Ana DC’nin (Primary DC) birincil görevi kullanıcıların kullanıcı adı ve parolaları aracılığıyla oturum açmalarını sağlamaktır. Bir kullanıcı domaine authenticate olduğunda DC, kullanıcının erişmek istediği kaynağa izni olup olmadığını kontrol eder ve izni varsa kullanıcıyı kaynağa eriştirir.
Bu durumda akla gelen ilk soru teorik olarak “Kaç adet DC’ye ihtiyacımız var?” olacaktır. İhtiyacımızı karşılayacak DC’lerin teorik olarak sayısı ve donanımı aşağıdaki tabloda belirtilmiştir.

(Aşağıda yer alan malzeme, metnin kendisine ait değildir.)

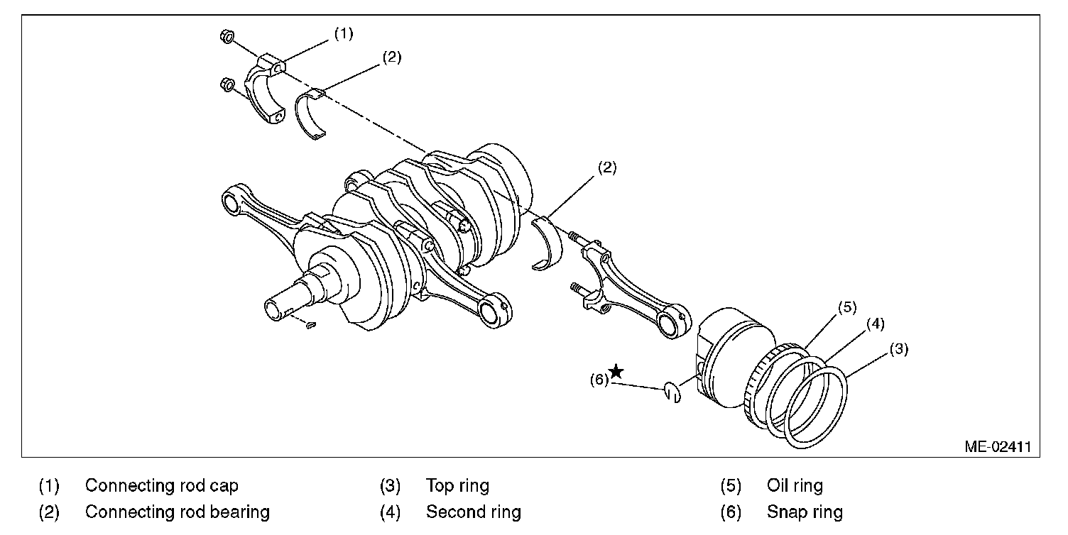 5) Check the piston pin snap ring for distortion, cracks and wear.

Kullanıcı Sayısı | Minimum DC Sayısı | Her DC İçin Minimum CPU Sayısı ve Hızı | Her DC İçin Minimum Memory |
1 – 500 | 1 Adet | 1 Adet (850 MHz veya daha yüksek) | 512 MB |
500 – 999 | 1 Adet | 2 Adet (850 MHz veya daha yüksek) | 1 GB |
1000 – 2999 | 2 Adet | 2 Adet (850 MHz veya daha yüksek) | 2 GB |
3000 – 10000 | 2 Adet | 4 Adet (850 MHz veya daha yüksek) | 2 GB |
> 10000 | Her 5000 Kullanıcı İçin 1 Adet | 4 Adet (850 MHz veya daha yüksek) | 2 GB |
Her ne kadar tablodaki belirtilen 1000 kullanıcıya kadar bir adet DC’nin yeterli olması teorik olarak doğruysa bile Microsoft tarafından önerilen her domain için en az iki DC bulundurulmasıdır. Nedeni ise DC’ler aynı domaindeki diğer DC’lerle kendi üzerlerindeki değişiklikleri replike ederler. Böylece tüm DC’ler senkronize bir şekilde değişikliklerden haberdar olup tüm dünya çapında aynı Active Directory veritabanına sahip olurlar. Her DC kendi üzerindeki değişiklikleri bağlı bulunduğu ağ aracılığıyla diğer DC’lere aktarır ve replikasyon yapılan DC’ler yapılan değişiklikleri kendisinde uygular. Dolayısıyla aynı domainde bulunan her DC aynı Active Directory veritabanı kopyalarını içerir ve aynı hizmetleri çalıştırır. Böylece DC’lerden birisi herhangi bir nedenle kullanılamaz hale gelirse ikinci bir DC ilk DC’nin sorumluluklarını devralabilir. Bu DC’ler Primary Domain Controller (PDC) ve Additional Domain Controller (ADC) olarak adlandırılırlar.